As a RAND Corporation analyst pointed out at the hearing, a black market in marijuana might persist if the legal product were heavily taxed. But that's an argument against high taxes, not against legalization. Several witnesses also noted that marijuana would still be prohibited under federal law, meaning that producers and sellers would still be vulnerable to arrest and prosecution. But that is exactly the scenario that needs to play out if we are going to see any serious progress in ending the war on the drugs. Will the federal government go to war with a state that legalizes the cultivation and sale of marijuana within its borders, or will it find a way to live with a diversity of state policies in this area (as the Constitution requires)?

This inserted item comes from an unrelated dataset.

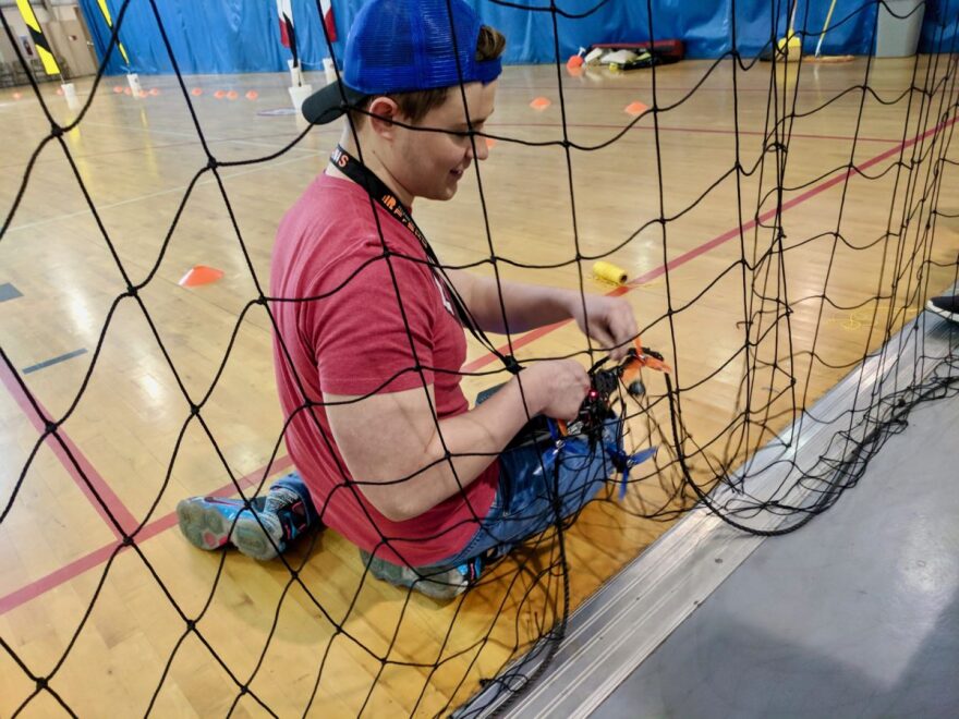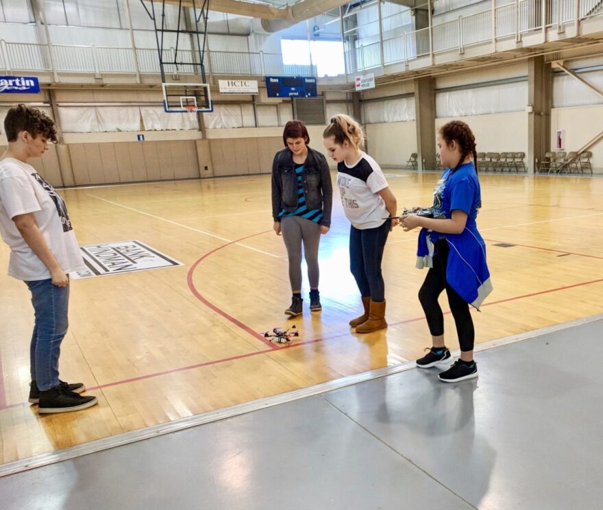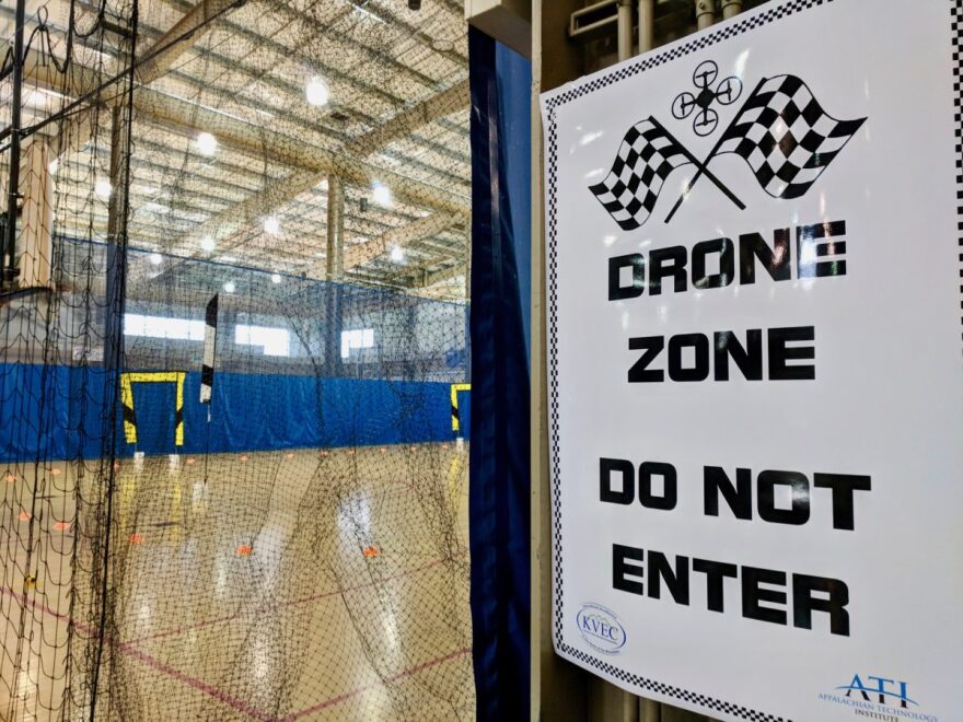 Student teams from across the coalfields of eastern Kentucky came together at the Knott County Sportsplex, bringing with them drones that they themselves had built. It was time for the climax of this year-long project. A basketball court had been separated with nets, and padded gates marked a circuit course for the little flying machines.

The Obama administration's move toward a less aggressive posture vis-a-vis medical marijuana, assuming it is genuine, could point the way to a federalist experiment that resolves some of the questions raised by opponents of legalization.

Addendum: Speaking of lame arguments, Bruce Mirken at the Marijuana Policy Project points out this TV spot from Community Alliances for Drug Free Youth, titled "Seriously?" It presents a series of fictional potheads offering dumb reasons for legalization. The difference is that the prohibitionist counterparts to these clueless clowns not only exist but are testifying before the California legislature.